Accordingly, the Registrant experienced an improvement in its financial
condition as of June 30, 1996 when compared with its fiscal year-end of
December 31, 1995. The primary effect of this seasonal period was an increase
in cash and accumulated earnings.
Several minor capital improvements have been performed. However, there were no
major capital additions or improvements during the six months ended June 30,
1996. No significant capital projects are anticipated in the remaining fiscal
period. Future operating costs and planned expenditures for minor additions and
improvements are expected to be funded by the resort operations of the
Registrant or by additional financing within the terms of the Registrant's debt
agreement.
The Registrant's debt agreement includes a line of credit of $1,500,000 which
is limited to the value of certain accounts receivable, inventories and
equipment of the Registrant and an affiliate. As of June 30, 1996, this full
line of credit was unrestricted, and no draws were outstanding (see Note 5.
Notes Payable of the Notes to Financial Statements in Part I, Item 1 of
this Form 10-Q, which is incorporated herein by reference).
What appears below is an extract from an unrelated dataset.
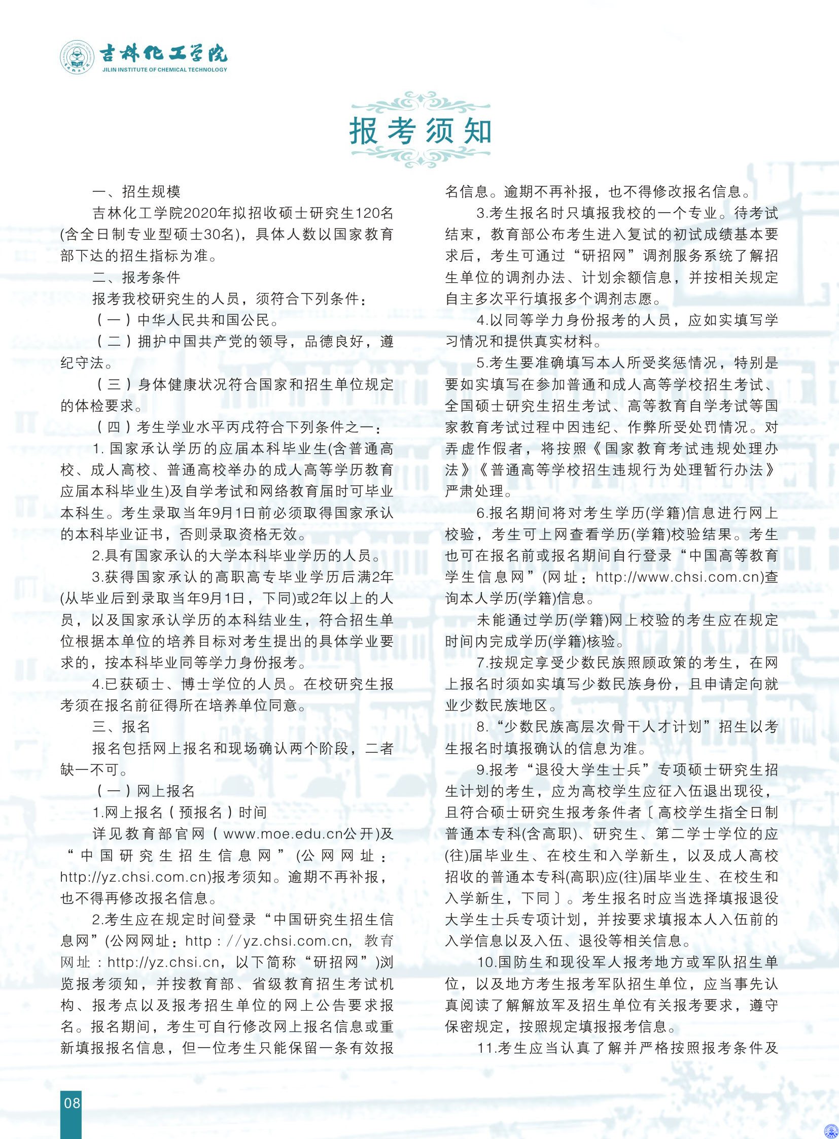 2020年碩士研究生招生簡章陸續已出,今天小編給大家整理的是“吉林化工學院2020年全日制碩士研究生招生簡章的相關內容,有報考意愿的小伙伴要注意下哦!

The Registrant has additional financing that is available related to the matter
that is discussed in Part II, Item 1. Legal Proceedings of this Form 10-Q,
which is incorporated herein by reference.
Results of Operations
Total revenues decreased $628,000 or 7% for the second quarter of 1996 when
compared with the same period in 1995. Total revenues decreased $857,000 or 4%
for the first six months of 1996 when compared with the same period in 1995.
These resulted from decreases in occupied unit nights, the average daily rates
and the number of guests at the resort for the current periods over the same
periods the previous year. Anticipated occupied unit nights for the remainder
of 1996 are not expected to exceed the prior year's level. Projections for
occupied unit nights in 1997 and subsequent fiscal periods are expected to
remain at the resort's current volume of business.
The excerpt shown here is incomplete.